Colpito alla testa con un pugno, esperto valuta l’entità dei danni

Udienza preliminare ieri all’Aquila, al tribunale per i minorenni, sul caso di Giuseppe Pio D’Astolfo Il giudice, sentito il pm, ha ordinato un supplemento di indagine per accertare le lesioni riportate
LANCIANO. Sarà nominato un consulente medico per valutare l'entità delle lesioni riportate da Giuseppe Pio D'Astolfo nell'aggressione da parte di tre minorenni, avvenuta il 17 ottobre 2020 nell'area dei binari dell'ex stazione Sangritana. Lo ha deciso il giudice Cristina Tettamanti nell'udienza preliminare, svolta ieri mattina davanti al tribunale per i minorenni dell'Aquila, per decidere in merito al rinvio a giudizio di G.P.G., oggi sedicenne e unico dei tre minori, ritenuti responsabili dell'aggressione, ad essere imputabile (in quanto era l'unico ad avere già compiuto 14 anni al momento dei fatti).
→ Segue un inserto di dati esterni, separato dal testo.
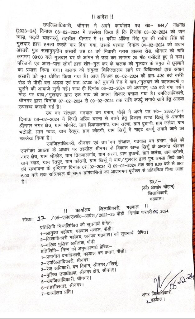 श्रीनगर। विकासखंड खिर्सू के अंतर्गत श्रीनगर, ग्वाड़ , रैतगांव, श्रीकोट आदि गांवों में गुलदार की गतिविधियों को देखते हुए प्रशासन ने दो दिवसीय रात्रि कर्फ्यू लगाया है। गुलदार के आतंक को देखते हुए उपजिलाधिकारी श्रीनगर नुपूर वर्मा और उप वन संरक्षक गढ़वाल वन प्रभाग की ओर से प्रस्तुत की गई आख्या के आधार पर तहसील श्रीनगर के विकास खण्ड खिर्सू के अन्तर्गत श्रीनगर नगर क्षेत्र, ग्राम श्रीकोट, ग्राम ढिकवालगांव, ग्राम सरणा, ग्राम बुघाणी, ग्राम जलेथा, ग्राम मटोली, ग्राम ग्वाड, ग्राम रैतपुर, ग्राम कोठगी, ग्राम खिर्सू में बाघ गुलदार द्वारा पुनः हमला किये जाने

Il pubblico ministero David Mancini ha richiesto un supplemento d'indagine con la nomina di un consulente tecnico per valutare se le lesioni riportate da D'Astolfo, all'epoca diciottenne, siano gravi o gravissime. Una valutazione importante, che potrebbe cambiare le cose sia dal punto di vista risarcitorio che di una eventuale condanna.
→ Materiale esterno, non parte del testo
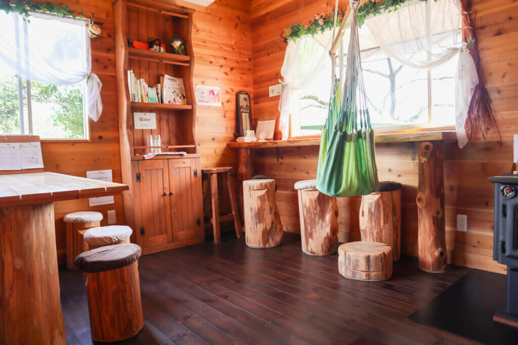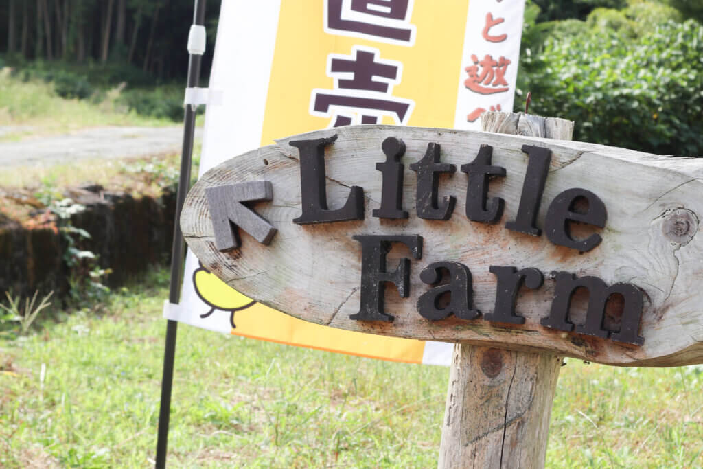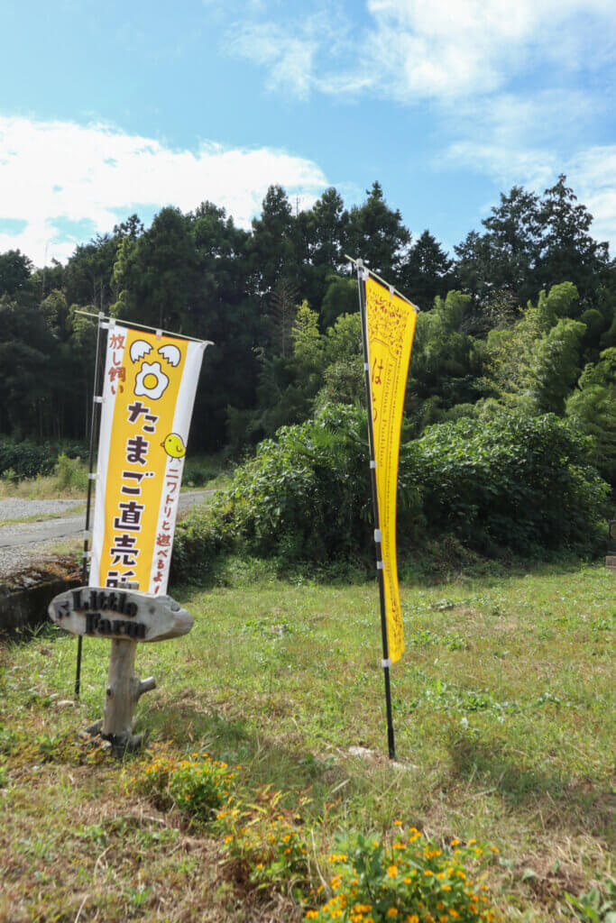 「はちみつ」「たまご」の文字と木の看板がお出迎えする、こちらが『リトルファーム』さんです。

Ieri mattina i genitori di D'Astolfo, Giuseppe e Paola Iasci, non sono voluti mancare all'udienza all'Aquila, già rinviata lo scorso gennaio per incompatibilità del giudice. Assente, invece, Giuseppe Pio (la cui presenza, tuttavia, in questa fase del procedimento non è richiesta) per motivi legati proprio alle sue condizioni di salute: infatti l'avvocato della famiglia D'Astolfo, Giovanni Mangia, ha depositato alcuni certificati medici. D'Astolfo è tuttora interessato da deficit della memoria a breve termine e perdita d'attenzione a causa, come ha riportato il pm nella richiesta di rinvio a giudizio, «dell'importante versamento ematico cerebrale», provocato dal pugno che lo colpì alla testa, e dal quale è «conseguito un indebolimento permanente nella funzione dell'organo neuro-psichico».
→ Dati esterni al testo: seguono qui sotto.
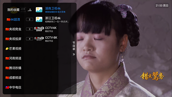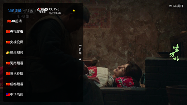 2、点击左侧屏幕可以唤起电视频道列表,电视端用户需要使用遥控器按菜单选项。
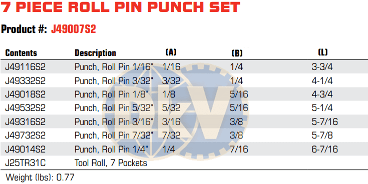 - Đột lỗ dòng J49732S2 (7/32"): 1 chiếc.
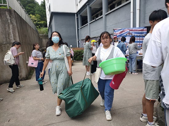 迎新现场,党员教师们帮新生办理报到、搬运行李、领取物资、安排住宿、解疑答惑,为他们提供“一站式”全方位服务,呈现出创先争优、夯实奋进、带头示范的生动景象。

Il giudice Tettamanti ha accolto la richiesta del pm e rinviato l'udienza al 2 ottobre per il giuramento del perito che sarà nominato e che dovrà effettuare la valutazione su D'Astolfo. «Si apre uno spiraglio in più per la famiglia in questa vicenda», commenta con cauto ottimismo l'avvocato Mangia, «possiamo essere un pochino più positivi sotto il profilo di una eventuale condanna e del risarcimento. Speriamo non sia così, ma nel malaugurato caso le lesioni fossero valutate come gravissime, insanabili, si può ottenere un indennizzo dallo Stato». «Siamo pronti ad affrontare l’eventuale dibattimento», commenta invece l'avvocato Vincenzo Menicucci, difensore del minorenne che deve rispondere di lesioni personali.